TUTTO COMPRESO

La conquista del principio sull’equo compenso viaggerà da adesso in poi, speriamo, su binari propri. E, se tale è stata nell’ambito della riappropriazione della dignità nell’esercizio della professione intellettuale, altri percorsi si dovrebbero affrontare .
Penso alle sempre più presenti campagne pubblicitarie fatte da enti finanziari/banche, negozi d’arredamento, agenzie commerciali per la vendita immobiliare o di costruzione dove “l’architetto” è compresonelprezzo.
Le formule sono varie: “un architetto ti seguirà dal sopralluogo alla realizzazione”, oppure “i nostri architetti verranno a casa tua gratuitamente…” e via dicendo.
Non ho riscontri che ci siano paralleli analoghi per altre professioni e/o altri professionisti intellettuali ma l’unica costante di queste pubblicità è che la prestazione professionale non costerà nulla all’acquirente.
I messaggi che passano sono due:
il primo è che, quando si tratta di dare il senso della qualità dell’abitare, della qualità dl servizio reso, il professionista chiamato a “garantirla” è l’architetto;
il secondo è che questa prestazione, di garanzia, è “gratis”.
Il che è contraddittorio, perché nell’immaginario collettivo ciò che è gratis non ha valore o quasi; la relazione che ne viene fuori è che l’opera dell’architetto non ha valore economico o, se ce l’ha, esso è talmente basso da poter essere regalato.
Un’altra cosa che si rileva è che in nessuno di questi messaggi si dice chi siano i professionisti che eseguiranno la prestazione, ne a quali condizioni essi la prestino e come siano, se lo sono, pagati. In sostanza non si rileva , e ciò credo contrasti con la trasparenza delle informazioni commerciali, se gli architetti siano veramente tali e quanto vale per il consumatore il vantaggio economico di godere di un servizio pagato (?) da altri.
L’Autorità garante per la concorrenza e del mercato (l’Antitrust) è stata interrogata sulla correttezza di queste forme pubblicitarie, l’ultima volta, non molto tempo fa, dall’Ordine degli Architetti di Catania ma, a senso unico, ha deciso che il meccanismo descritto, con le criticità evidenziate, è perfettamente lecito, non mette in discussione la dignità della figura professionale (mah…).
D’altronde lo stesso Stato, avallato da sentenze del Consiglio di Stato, fino al 30 Novembre 2017, ha fatto proprio lo stilema, ammettendo prestazioni professionali di alta responsabilità compensate con 1,00 € o pagando i propri consulenti giudiziari con tariffe orarie tutt’ora inferiori ai compensi minimi sindacali dovuti ai collaboratori domestici, le colf per intenderci.

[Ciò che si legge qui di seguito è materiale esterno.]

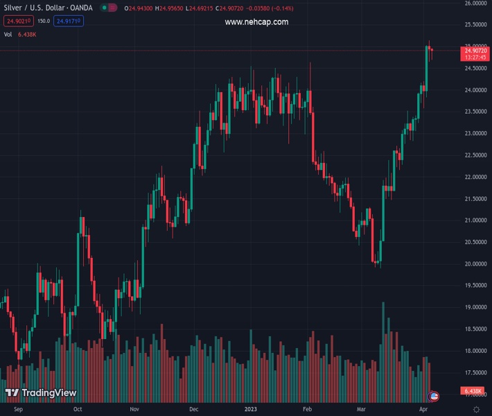 XAGUSD currently trading at 24.84 at the time of writing. Pair opened at 24.94 and is trading with a change of -0.4 % .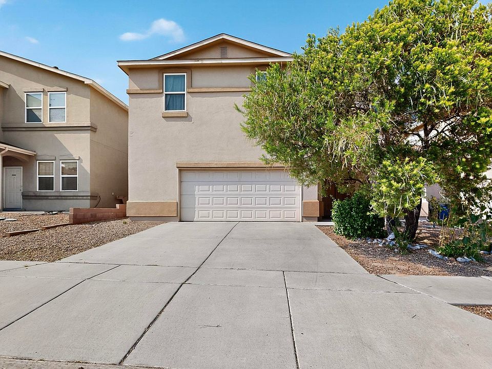 Spacious home in a great neighborhood with fantastic schools! Plenty of room to grow and spread out with a thoughtful floor plan. Primary suite upstairs offers a cozy gas log fireplace, garden tub, and separate shower. One bedroom with 3/4 bath downstairs is perfect for guests or multi-gen living. A huge loft provides a versatile second living area. The open kitchen flows into the dining and living spaces, featuring abundant cabinets and counter space. Enjoy a walled backyard with drip system and a peek at the Sandias. Convenient access to main thoroughfares makes commuting a breeze.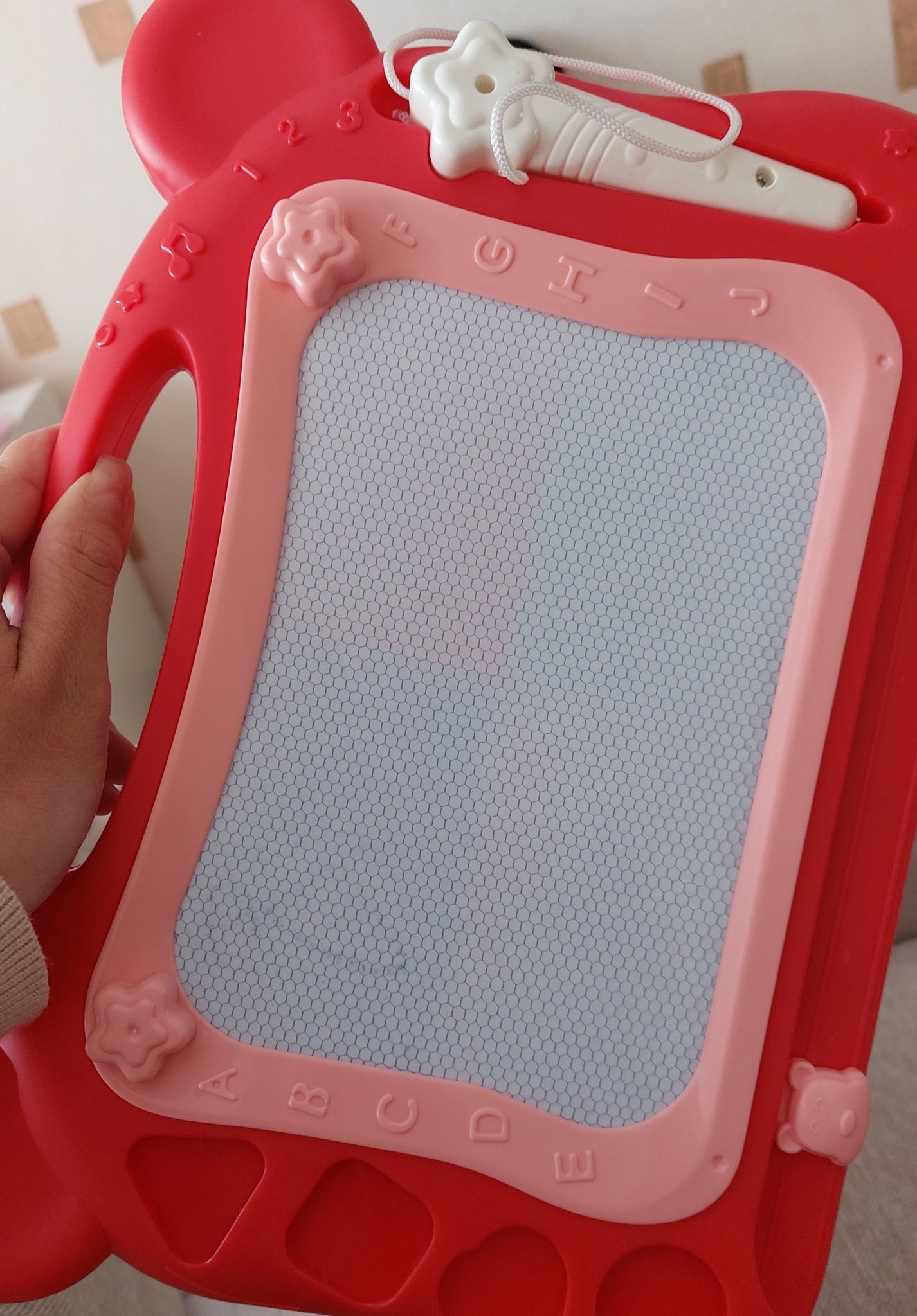 Моето Плами има подобна дъска като на Ади и  пише на нея. Не ми дава възможност да и покажа каквото  и да е,да рисуваме нещо😂Има фулмастери,пастели с които пише и бои даже с които скоро ще драскаме. Обожава да пиши. Стените в нас вече са цветни 😂Не може да казва рисува и повтаря само “пиши”. Играе си с пъзели,сортери и тя обожава книжките(и то много) и всякакви дивотии. То май всички деца сега са на тази вълна. Доста започна да повтаря,да бърбори. Да са ни здрави☺

Se questo aspetto particolare oggi forse possiamo ritenere superabile, grazie al principio dell’equo compenso, c’è materia di contendere e di azione nella veicolazione della prestazione professionale offerta in un pacchetto commerciale.

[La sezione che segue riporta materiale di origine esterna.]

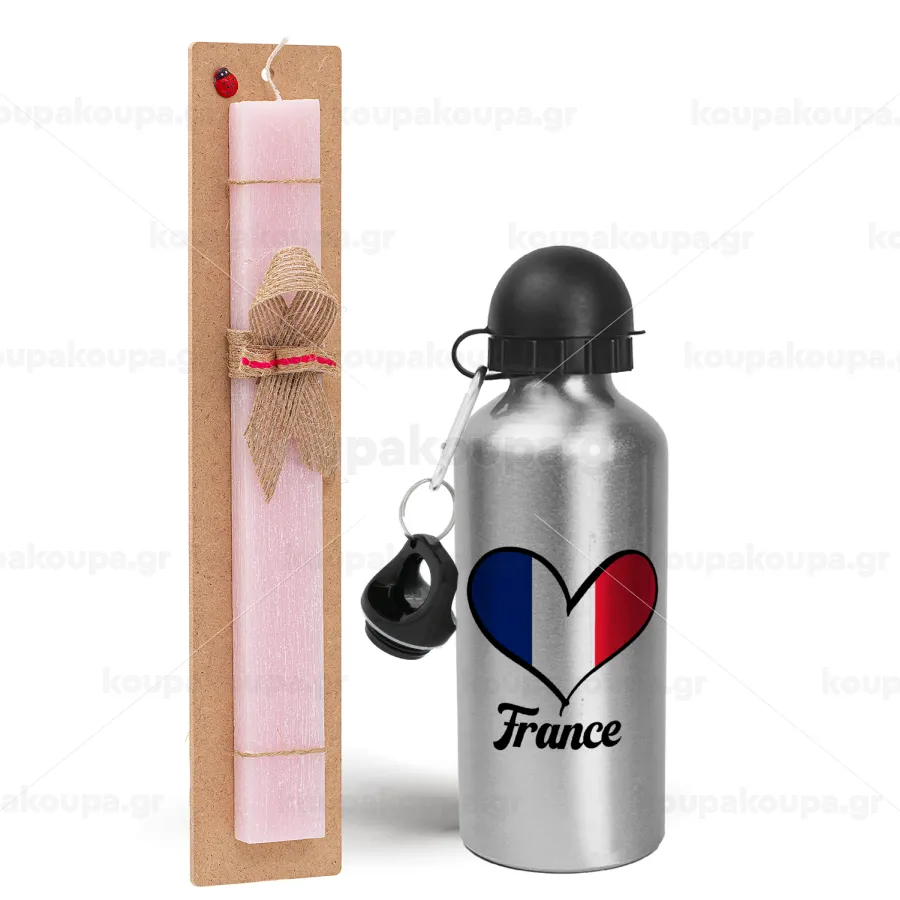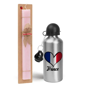 France flag, Πασχαλινή Λαμπάδα με παγούρι μεταλλικό Ασημένιο αλουμινίου (500ml) & κερί αρωματικό πλακέ (30cm) (ΡΟΖ)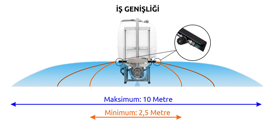 2 - 5 bar arası düşük basınçlarda kullanılmaktadır. Özel üretim ot ilaçlama nozulları olası çarpmalarda zarar görmeyecek şekilde profil içine gizlenmiştir.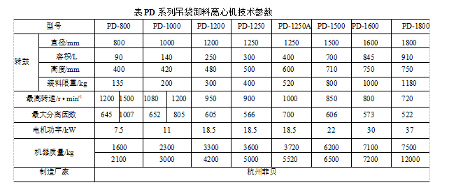 SD/PD系列吊袋上部卸料離心機技術參數見表

Non che non si possa o non si debba fare, solo che, in ossequio alla tanto declamata trasparenza delle offerte commerciali, sarebbe il caso che queste contenessero (così come, per esempio, è obbligatorio dichiarare la composizione e la provenienza dei prodotti alimentari) a quanto ammonti la retribuzione dei professionisti chiamati a rendere il servizio e quali caratteristiche professionali e di iscrizione ai relativi Albi essi possiedano, se li possiedono.
E’ già avvenuto per le offerte professionali su Groupon. Sarebbe dignitoso, e utile anche per i consumatori, avvenisse anche nelle altre forme pubblicitarie.

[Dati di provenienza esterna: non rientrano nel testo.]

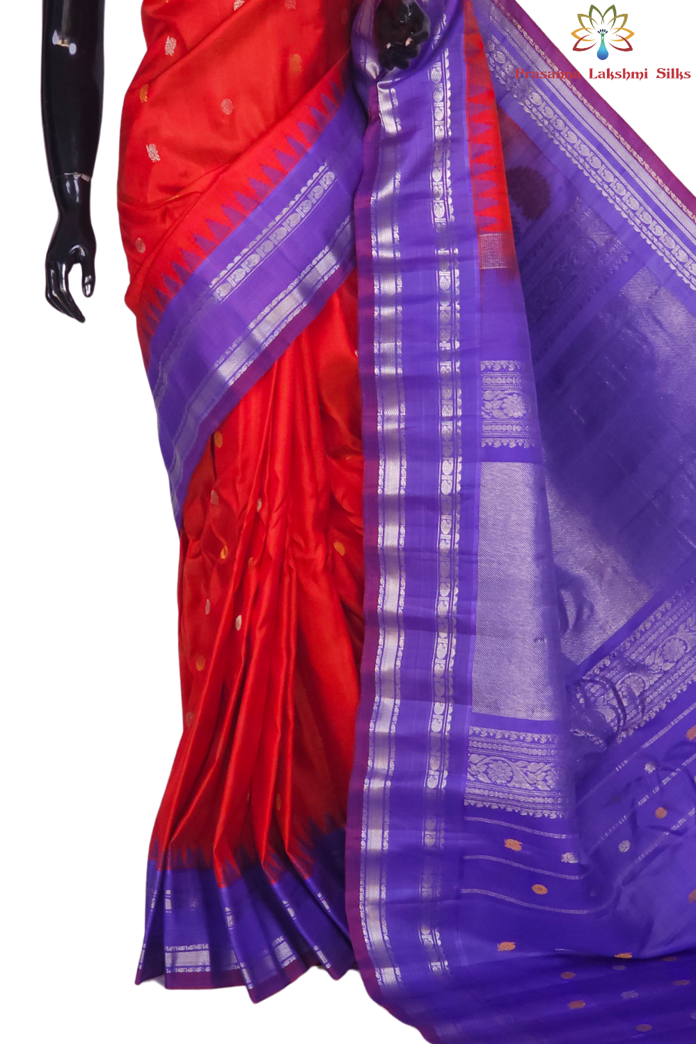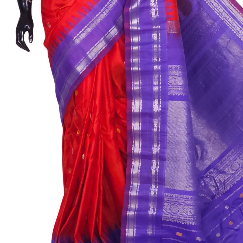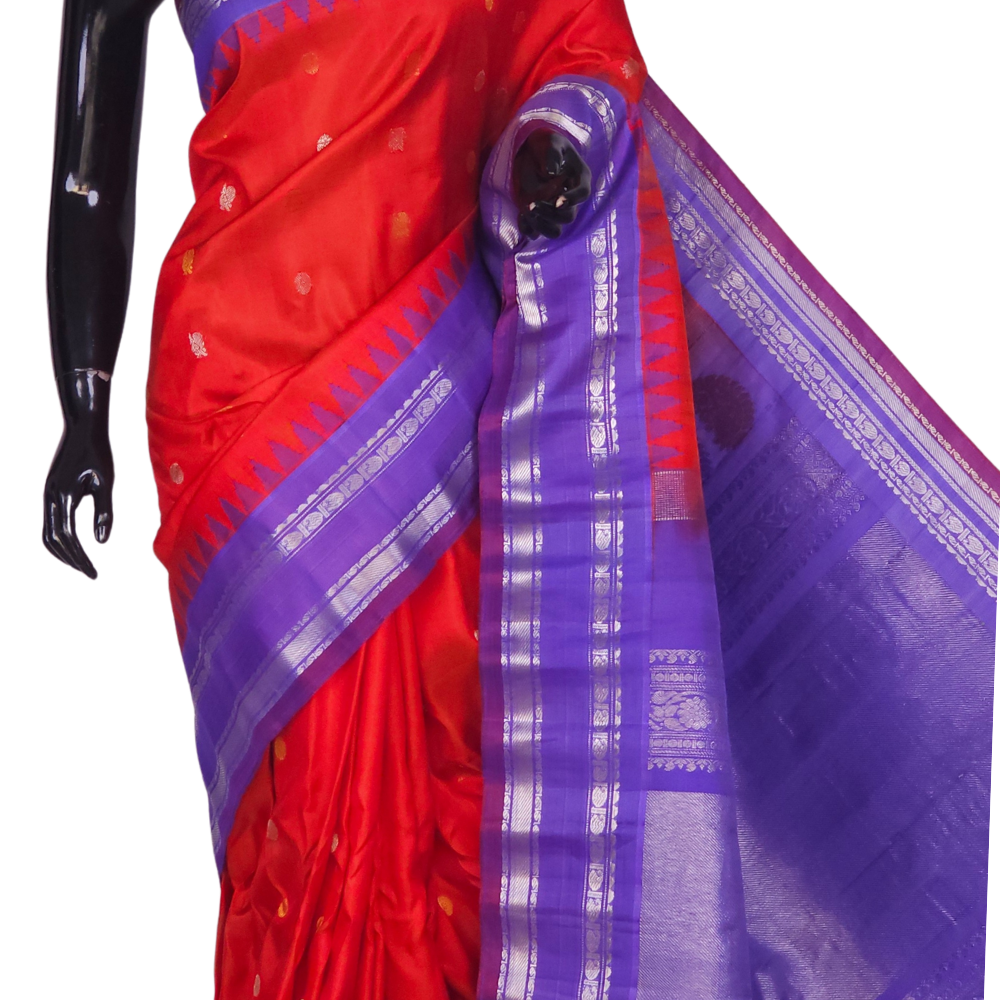 Elevate your elegance with our exquisite Handloom Gadwal Pure Silk Saree, adorned with Intricate zari motifs zari-woven borders Rich zari-woven brocade adorns the pallu, making every drape a statement.

La mia impressione è che esse, in presenza di questi obblighi, si ridurrebbero o, almeno, non contribuirebbero a colpevolmente distorcere del tutto la percezione del valore di un lavoro professionale che, dai tempi di Imhotep nell’ antico Egitto, è stato sempre indice della civiltà dei popoli. E lo è ancora, in quasi tutto il resto del mondo.